### Exercise details
Starting at the first line of the data, please print exactly those lines through the one that holds "SAMBA OG는 오프화이트", omitting every picture.

Saved data entries
★ ★ ★ ★ ★
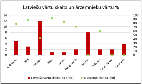 Kopumā Virslīgā latviešu īpatsvars ir lielāks – 59.7%.
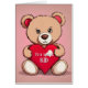 Un mignon ours en peluche caricaturé tenant un coeur rouge sur un arrière - plan mauve pour la Saint-Valentin d'un enfant.
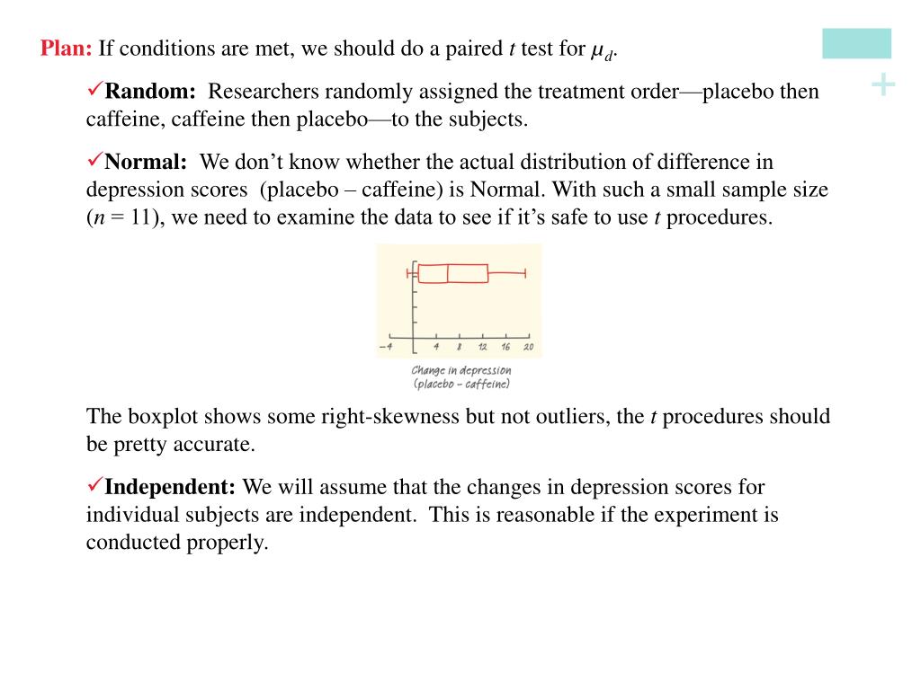Plan: If conditions are met, we should do a paired t test for µd. • Random:Researchers randomly assigned the treatment order—placebo then caffeine, caffeine then placebo—to the subjects. • Normal: We don’t know whether the actual distribution of difference in depression scores (placebo – caffeine) is Normal. With such a small sample size (n = 11), we need to examine the data to see if it’s safe to use t procedures. • The boxplot shows some right-skewness but not outliers, the t procedures should be pretty accurate. • Independent: We will assume that the changes in depression scores for individual subjects are independent. This is reasonable if the experiment is conducted properly.
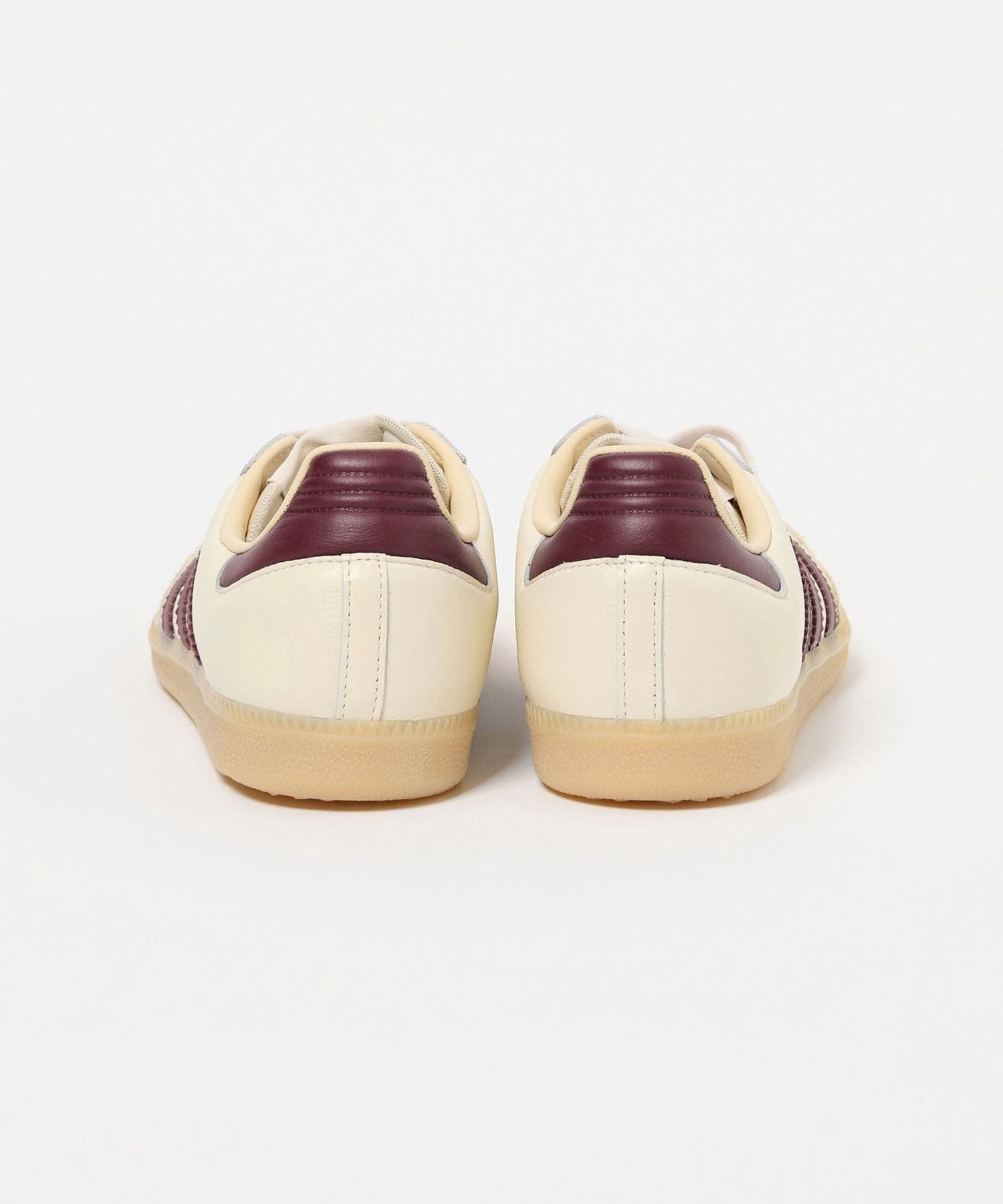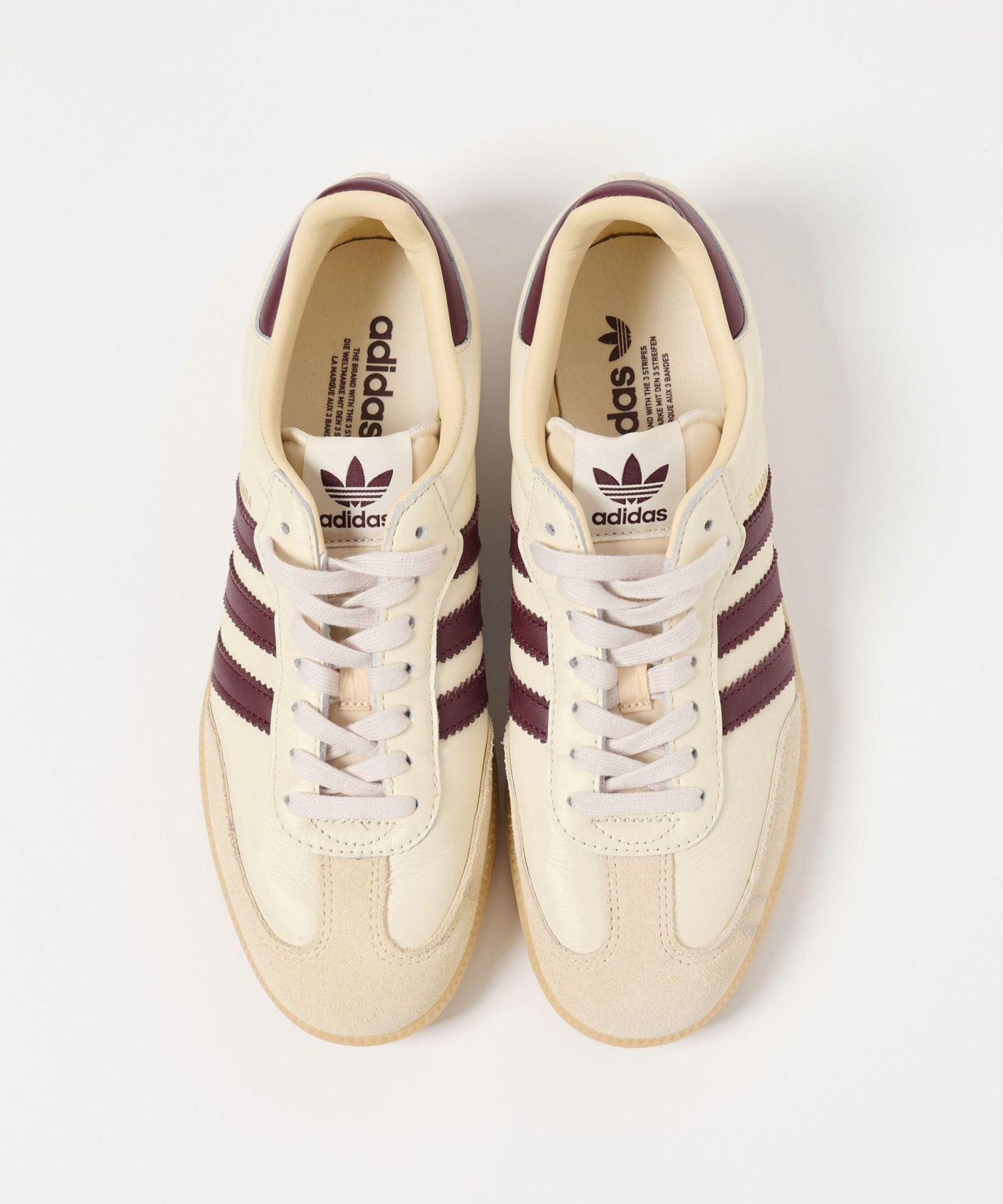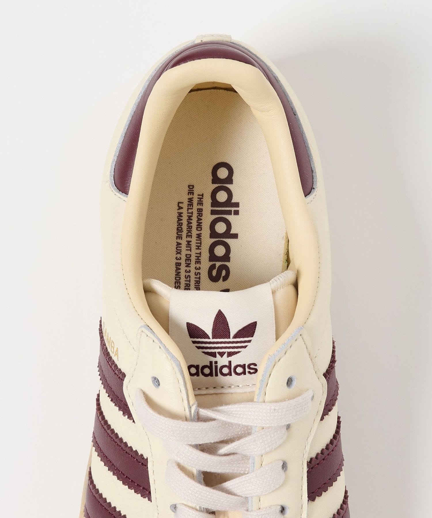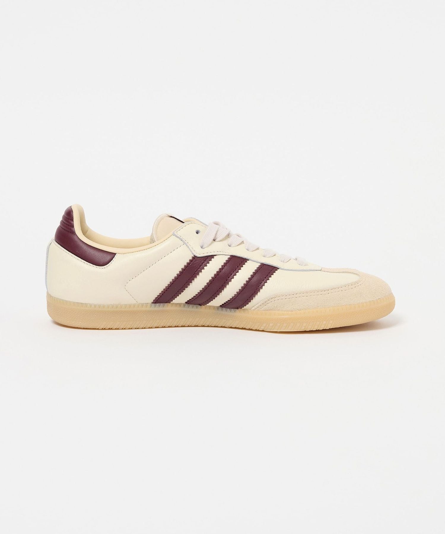 SAMBA OG는 오프화이트 컬러 베이스에 진한 레드 컬러의 쓰리 스트라이프가 더해진 디자인입니다. 토 부분에는 스웨이드 소재가 사용되어 포인트가 됩니다.
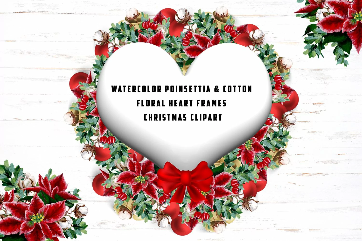 Illustration Clipart Watercolor Flowers Watercolor Christmas Watercolor Hearts Watercolor Poinsettia Watercolor Cotton Heart Frame Floral Frames Watercolor Floral Frames
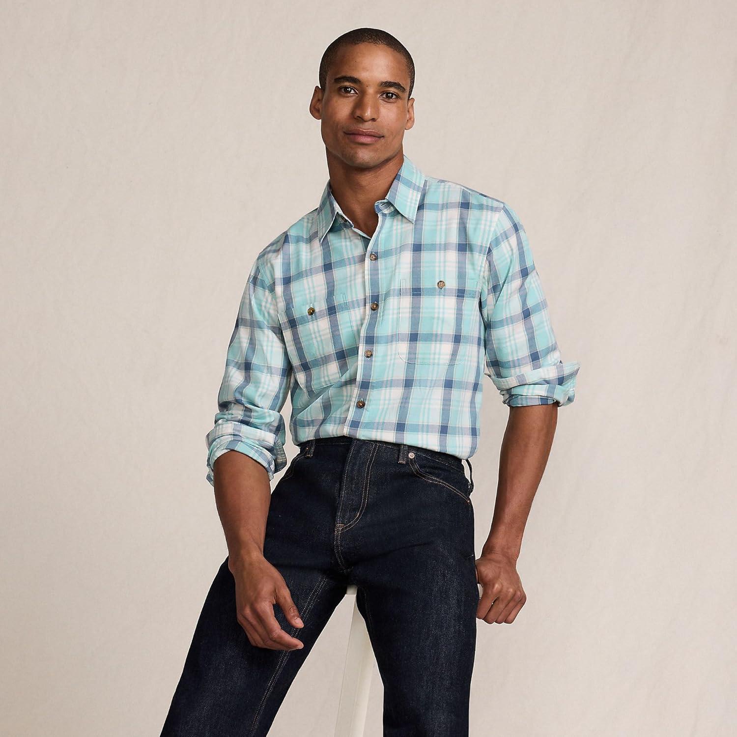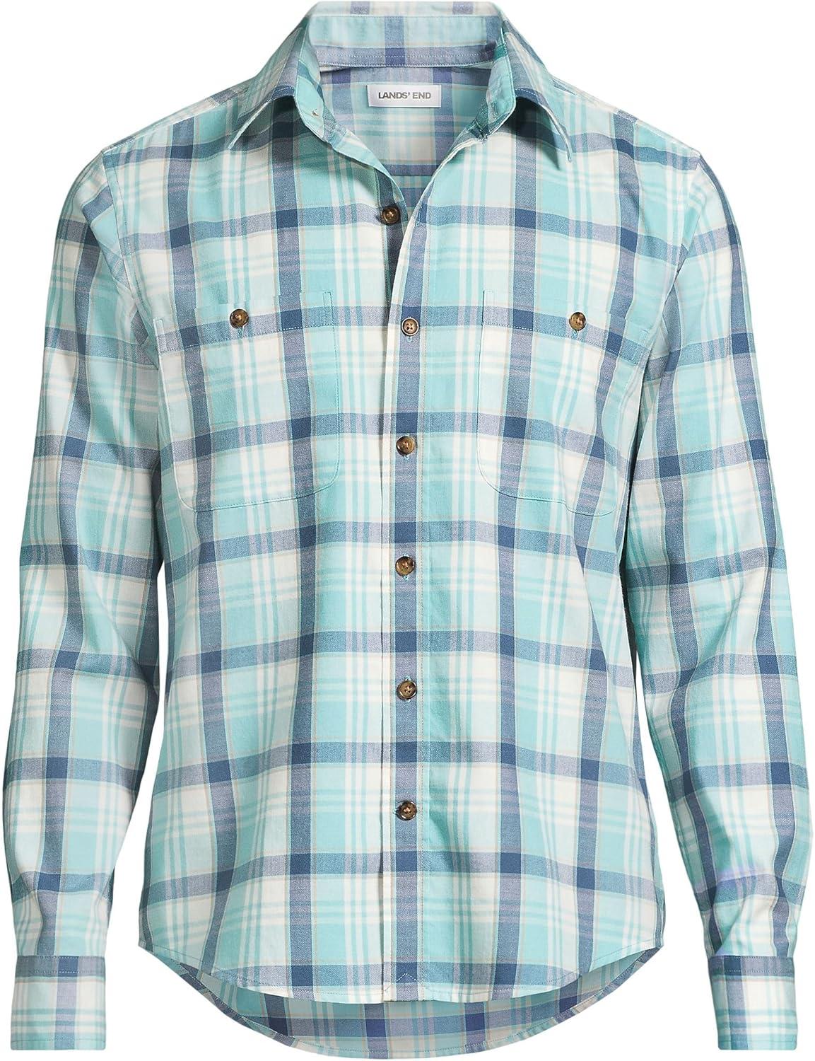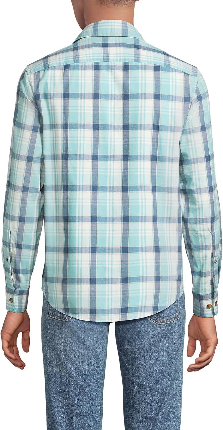 Lands’ End Men’s Coastal Flannel(Mint Sky/Blue Plaid)
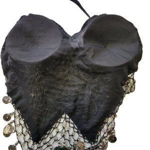 Belly Dance Black Halter Top with Sparkling Silver Sequins
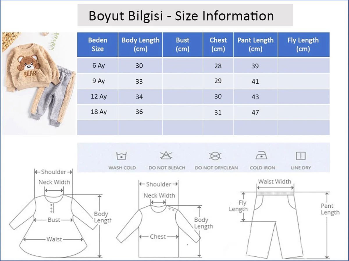 Ayıcık Figürlü Peluş Kışlık Erkek Bebek Takım
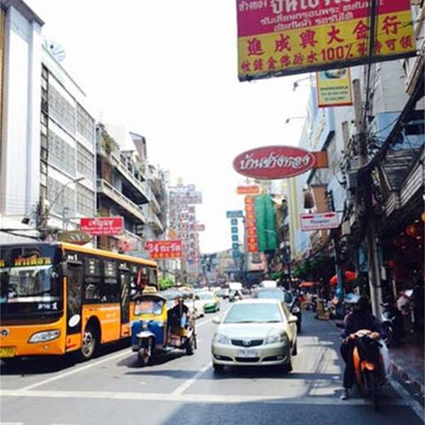 到达china town的一个牌坊以后,背面其实是写着圣寿无疆。唐人街除了华人和华商产品多外,其它与曼谷的繁华商业街区已没有太大区别,在这里,没有过多的感触,有的也可能只是一点点的印象罢。曼谷的“唐人街”,...到达china town的一个牌坊以后,背面其实是写着圣寿无疆。唐人街除了华人和华商产品多外,其它与曼谷的繁华商业街区已没有太大区别,在这里,没有过多的感触,有的也可能只是一点点的印象罢。曼谷的“唐人街”,车水马龙。这个闻名遐迩的“中国城”,现已不仅仅是传统的华人居住和商业区,也成为了这个“天使之城”的一张城市名片,吸引四面八方的游人前往观光、购物。嘿嘿先拍个照,今天天气好得不得了。唐人街最大特点是店铺招牌林立,其中最显眼的是金店。全长不到两公里的耀华力路上,有上百家大大小小的金店,门口竖着巨大的招牌,柜台里陈列着金光闪闪的首饰和黄金制品。曼谷70%的金店都在唐人街。与北京不同的是,这里的金饰是一堆一堆摆在那儿,透出一股豪气,仿佛在卖白菜,让顾客不自觉地也跟着大方起来。唐人街鱼翅,比较多的是大量的金铺,里面有很多金链首饰等等,至于真假,有兴趣的朋友可以进去多了解一下。在着充满中国气息的街道里,却感受不了亲切,可能因为商业文化太浓,我们11点到达这里,大多数都是金铺和商业的餐厅,地道的还真的挺少,有很多杂货店卖着小商品,因为有点累,所以去了附近的星巴克坐了小息了一会儿,这里的星巴克基本和国内持平,个人感觉也没国内的好喝哈哈,所以唐人街是一个行程不紧凑的游人的不二之选,因为这里的街道包括每人每物都有着泰本土和华人的气息,只是少了点新鲜感。休息站,旁边是超市。唐人街的大华大酒店这里的街道还挺繁华的,多得是泰国人,没有太大的旅游意义,不整洁的街道和交通造就了唐人街还是平常人的印象里的唐人街,独特的地方唯独是金铺,其他想说的还真的没有。唐人街一个佛像的建筑在小息了一会知道,本想着继续赶路,去KAOSAN Rd的,但是考虑到已经是中午12点多,中午的太阳是最猛烈的,决定还是直接步行回酒店算了,因为下午也很热,考虑到体力和中暑还是去吃个地道的午餐吧。大家去旅游的时候如果是天气好,万里无云,建议早上早点出门,中午回酒店休息,下午和晚上再出门,这样也不会给晒黑,也能感受当地的景观。鸡肉豆角饭 饮品免费加冰在回程的路上已经是1点多,我们去了一个很有特色的地道小吃坐了下来,发现老板是不会英语的,这就尴尬了,不过发现了一个问题,世界普遍的男人都懂得一个词 chicken 哈哈哈哈,为什么呢,我就跟他说我要一句 chicken , 然后他就好像听懂了一些甲骨文后热烈兴奋的说 woooh chicken OOOK,然后味道真的很好吃哈哈哈哈,不咸不腻的哈哈。翻译上的泰文是直译的没有作用,出门在外英语手语很重要,看一人怎么表达他内心的语言。唐人街入口的路牌那时候走过的小巷这个有点像我们家的CD街,Foshan的朋友感觉像吗这些建筑很普遍We will keep walk ,Style of mine.
★ ★ ★ ★ ★
### Final answer
 Kopumā Virslīgā latviešu īpatsvars ir lielāks – 59.7%.
 Un mignon ours en peluche caricaturé tenant un coeur rouge sur un arrière - plan mauve pour la Saint-Valentin d'un enfant.
Plan: If conditions are met, we should do a paired t test for µd. • Random:Researchers randomly assigned the treatment order—placebo then caffeine, caffeine then placebo—to the subjects. • Normal: We don’t know whether the actual distribution of difference in depression scores (placebo – caffeine) is Normal. With such a small sample size (n = 11), we need to examine the data to see if it’s safe to use t procedures. • The boxplot shows some right-skewness but not outliers, the t procedures should be pretty accurate. • Independent: We will assume that the changes in depression scores for individual subjects are independent. This is reasonable if the experiment is conducted properly.
 SAMBA OG는 오프화이트 컬러 베이스에 진한 레드 컬러의 쓰리 스트라이프가 더해진 디자인입니다. 토 부분에는 스웨이드 소재가 사용되어 포인트가 됩니다.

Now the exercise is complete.